Since infectious mononucleosis is viral in origin, ampicillin should not be used in the treatment. A high percentage of patients with mononucleosis who receive ampicillin develop a skin rash.

It is advisable to check periodically for organ system dysfunction during prolonged therapy; this includes renal, hepatic and hematopoietic systems.

The principal route of excretion of sulbactam and ampicillin following oral administration of sultamicillin is via the urine. Because renal function is not fully developed in neonates. this should be considered when using sultamicillin in neonates.

Tablets: Patients with rare hereditary problems of galactose intolerance, the Lapp lactase deficiency or glucose-galactose malabsorption should not take this medicine.

Powder for Oral Suspension: Patients with rare hereditary problems of fructose intolerance, glucose-galactose malabsorption or sucrase-isomaltase insufficiency should not take this medicine.

4.5 Interaction with other Medicaments and Other Forms of Interaction
Allopurinol : The concurrent administration of allopurinol and ampicillin increases substantially the incidence of rashes in patients receiving both drugs as compared to patients receiving ampicillin alone.

Anticoagulants : Penicillins can produce alterations in platelet aggregation and coagulation tests. These effects may be additive with anticoagulants.

Bacteriostatic drugs (chloramphenicol, erythromycin, sulfonamides and tetracyclines) : Bacteriostatic drugs may interfere with the bactericidal effect of penicillins; it is best to avoid concurrent therapy.
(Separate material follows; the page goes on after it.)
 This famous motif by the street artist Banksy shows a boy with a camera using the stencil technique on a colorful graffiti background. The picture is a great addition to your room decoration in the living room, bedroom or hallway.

Estrogen-containing oral contraceptives : There have been case reports of reduced oral contraceptive effectiveness in women taking ampicillin, resulting in unplanned pregnancy. Although the association is weak, patients should be given the option to use an alternate or additional method of contraception while taking ampicillin.
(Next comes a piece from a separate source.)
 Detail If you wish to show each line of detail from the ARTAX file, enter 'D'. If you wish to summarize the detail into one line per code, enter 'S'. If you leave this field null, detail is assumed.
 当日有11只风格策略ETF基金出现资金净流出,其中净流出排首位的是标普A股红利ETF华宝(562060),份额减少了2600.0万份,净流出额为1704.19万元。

Methotrexate : Concurrent use with penicillins has resulted in decreased clearance of methotrexate and a corresponding increase in methotrexate toxicity. Patients should be closely monitored. Leucovorin dosages may need to be increased and administered for longer periods of time.

Probenecid : Probenecid decreases renal tubular secretion of ampicillin and sulbactam when used concurrently; this effect results in increased and prolonged serum concentrations, prolonged elimination half-life, and increased risk of toxicity.

Laboratory Test Interactions : False positive glycosuria may be observed in urinalysis using Benedict reagent, Fehling reagent, and Clintest. Following administration of ampicillin to pregnant women, a transient decrease in plasma concentration of total conjugated estriol, estriol-glucuronide, conjugated estrone and estradiol has been noted. This effect may also occur with sulbactam sodium/ampicillin sodium IM/IV.